Suppose we have json messages, that look like this:

{"id":"arandomid1", "k":"d"}
{"id":"arandomid2", "k":"d"}
{"id":"arandomid1", "k":"d"}

We could use following query:

SELECT
  `ts`,
  `data` as `body`,
  column_to_partition(get_json_object(`data`, '$.id')) as `eh_partition`
FROM `testds_hash`
ORDER BY
  year(`ts`), dayofyear(`ts`), hour(`ts`), `eh_partition`

The column_to_partition udf will partition the messages based on the String.hashCode % NUMBER_OF_PARTITIONS.

Caching

By default the input dataset is cached using .cache, if you want to disable this, set:

spark.eventhubsreingest.cache=false

Output

The output is always a Azure EventHub, you can specify the credentials:

spark.eventhubsreingest.output.eh.ns=""
spark.eventhubsreingest.output.eh.name=""
spark.eventhubsreingest.output.eh.keyName=""
spark.eventhubsreingest.output.eh.keyValue=""

# set by default to 260 ms (because 1 throughput unit is 1mb/s and batch size is 256kb, with some margins).
spark.eventhubsreingest.output.eh.ms_to_wait_after_batch="260"

The application connects to EventHub to discover the partition layout, and divides the dataset in the exact same amount of partitions (random assignment). It sorts the data based on year, dayofmonth, hour, random partition.

The application will try to batch as many messages as possible, taking into account the limits of EventHub. Most importantly:

  • Max Event/Batch size of 256kb
  • Up to 1 MB per second of ingress events, see EventHubs FaQ, we accomplish this by assuming there are as many partitions as throughput units and waiting for 300ms after we've send each batch.
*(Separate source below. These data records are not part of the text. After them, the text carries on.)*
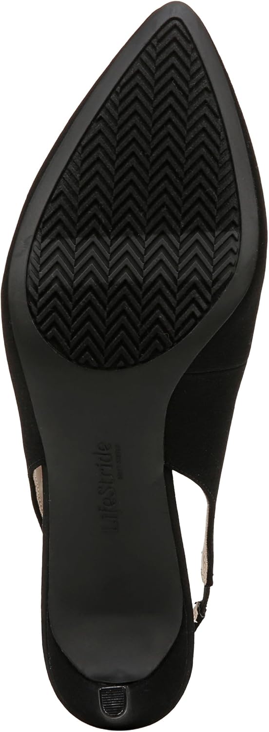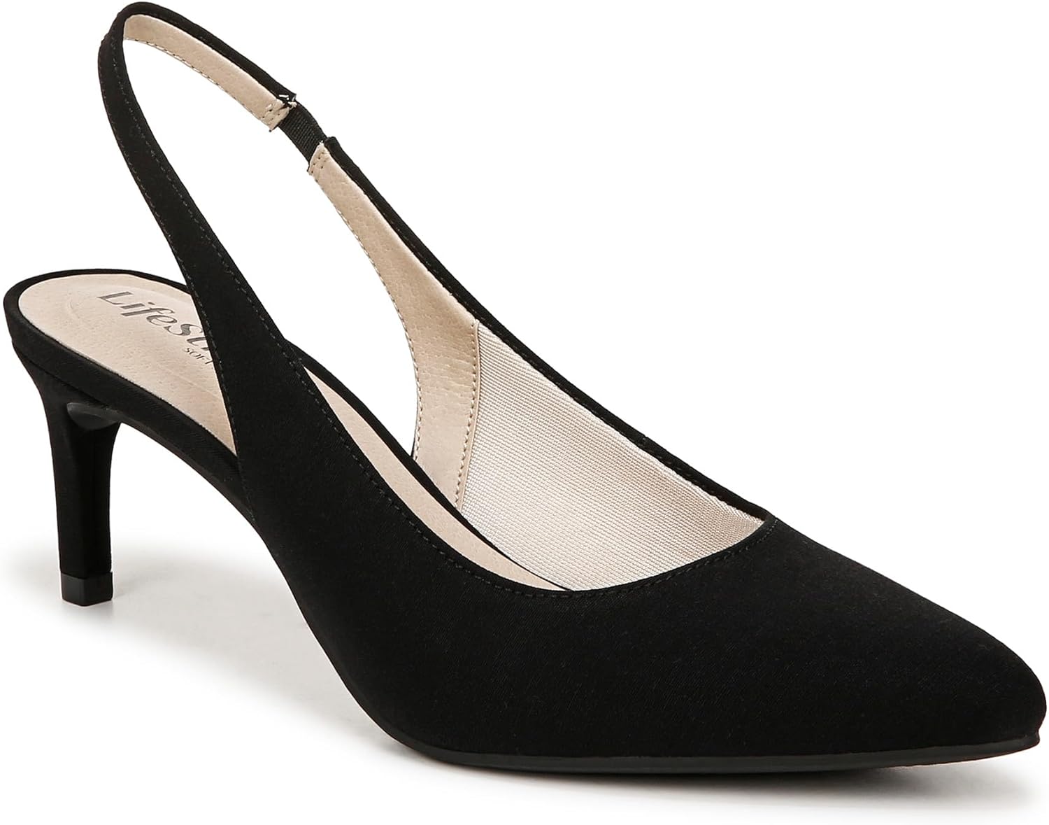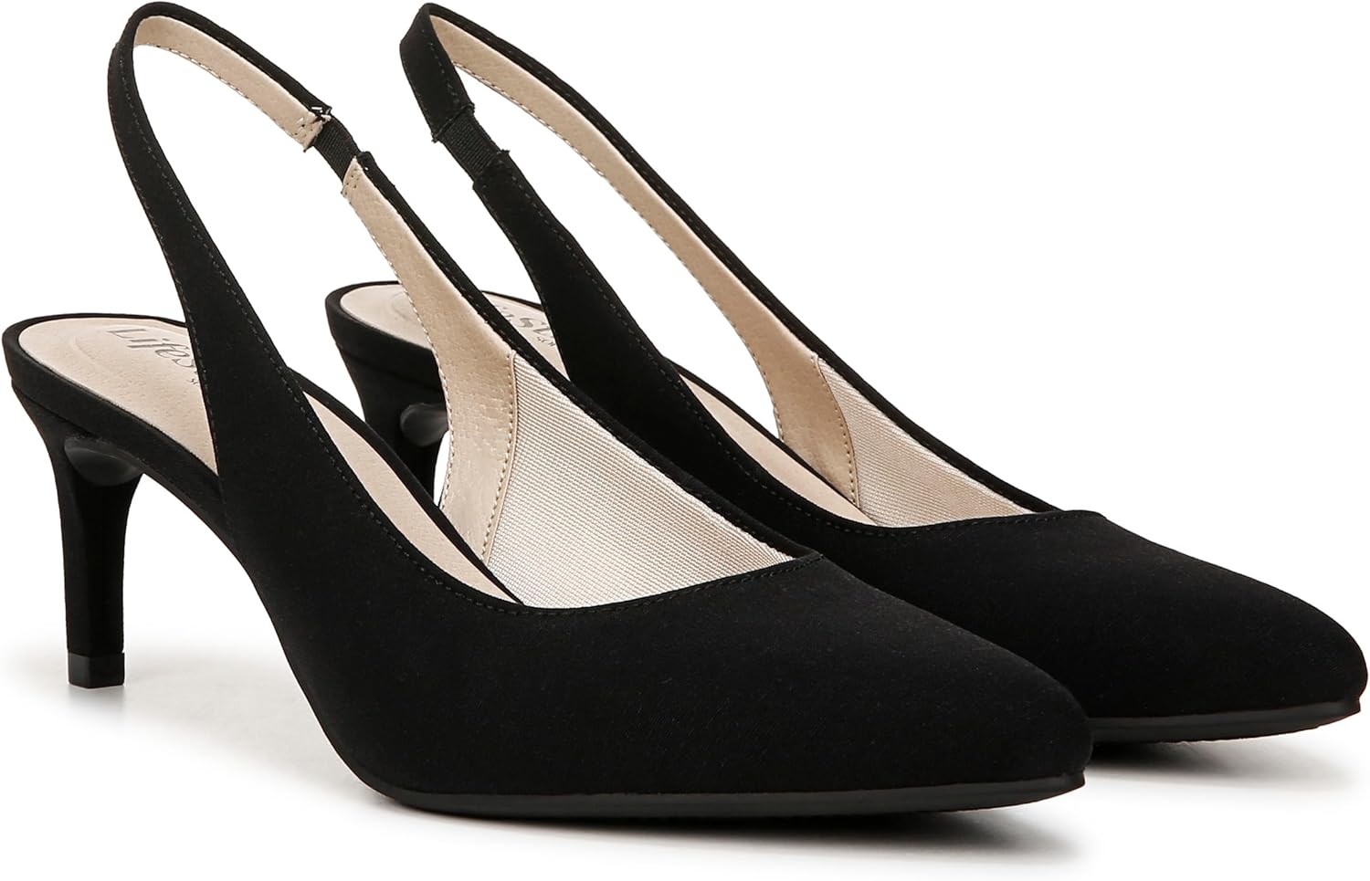 The classic slingback with a modern twist. Wear these comfortable women’s heels and take on your day with confidence. Faux leather or microfiber upper, softly pointed toe, and slingback strap with built-in stretch for the perfect fit. Linings crafted from partially recycled materials. Soft System® comfort package provides all-day support, flex, and cushioning. Traction sole for extra stability. Just Right Height 2 3/8 inch heel.
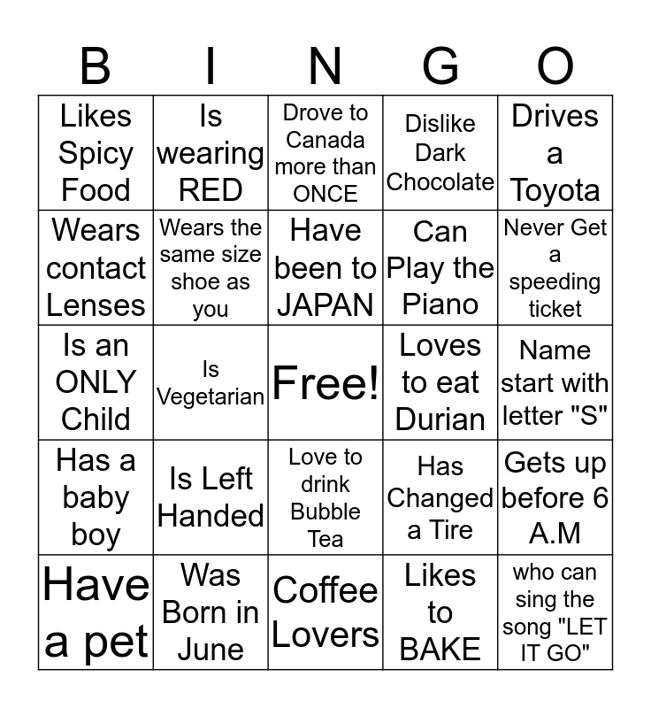 This bingo card has a free space and 24 words: Is Left Handed, Was Born in June, Have been to JAPAN, Have a pet, Drives a Toyota, Likes Spicy Food, Wears contact Lenses, Is wearing RED, Loves to eat Durian, Love to drink Bubble Tea, Can Play the Piano, Is an ONLY Child, Has Changed a Tire, Gets up before 6 A.M, Wears the same size shoe as you, Likes to BAKE, Name start with letter "S", Drove to Canada more than ONCE, Never Get a speeding ticket, Is Vegetarian, who can sing the song "LET IT GO", Has a baby boy, Dislike Dark Chocolate and Coffee Lovers.
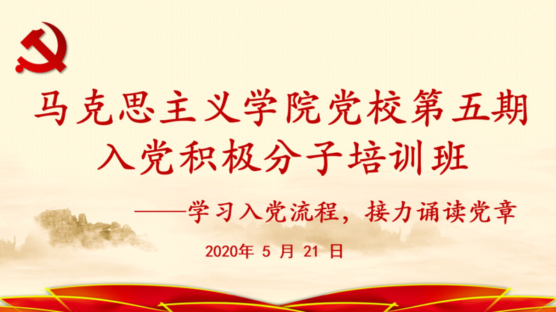 为增进入党积极分子对党的认识,加强其党性修养,马克思主义学院党校于5月21日通过腾讯会议平台举办了“学习入党流程,接力诵读党章”活动。党校培训部杨冬至主持活动,40名入党积极分子参加活动。
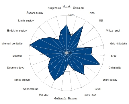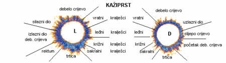 Na dijagramu ispod vidi se da je vrh svakog prsta povezan s određenim dijelom tijela. Konkretno, vrhovi kažiprsta povezani su s kralježnicom i debelim crijevom. Ostali prsti povezani su s drugim dijelovima tijela. Gledajući oblik, gustoću, svjetlinu i ostale karakteristike korone prstiju dosta pouzdano i precizno može se odrediti energetsko, a samim tim i fizičko stanje pojedinih organa, odnosno, psihofizičko stanje čovjeka.

Multiple partitions can be send in parallel though.

Executing on HDInsight using livy

The livy.sh script will upload and submit the jar file. The livy.sh script assumes you have build the source code from scratch (sbt assembly).

export STORAGE_ACCOUNT_NAME="YOUR STORAGE ACC"
export STORAGE_CONTAINER_NAME="YOUR STORAGE CONTAINER"

export CLUSTER_URL="https://CLUSTERNAME.azurehdinsight.net"
export CLUSTER_USER="admin"
export CLUSTER_PASSWORD='A PASSWORD'

APP_CONF="\"spark.eventhubsreingest.inputs.capture.path\":\"wasbs://CAPTURE_CONTAINER@CAPTURE_STORAGE_ACC.blob.core.windows.net/PATH_TO_FILES/\""
APP_CONF="$APP_CONF,\"spark.eventhubsreingest.inputs.capture.format\":\"avro\""

APP_CONF="$APP_CONF,\"spark.eventhubsreingest.output.eh.ns\":\"EVENTHUB NAMESPACE\""
APP_CONF="$APP_CONF,\"spark.eventhubsreingest.output.eh.name\":\"EVENTHUB NAME\""
APP_CONF="$APP_CONF,\"spark.eventhubsreingest.output.eh.keyName\":\"RootManageSharedAccessKey\""
APP_CONF="$APP_CONF,\"spark.eventhubsreingest.output.eh.keyValue\":\"EVENTHUB Key"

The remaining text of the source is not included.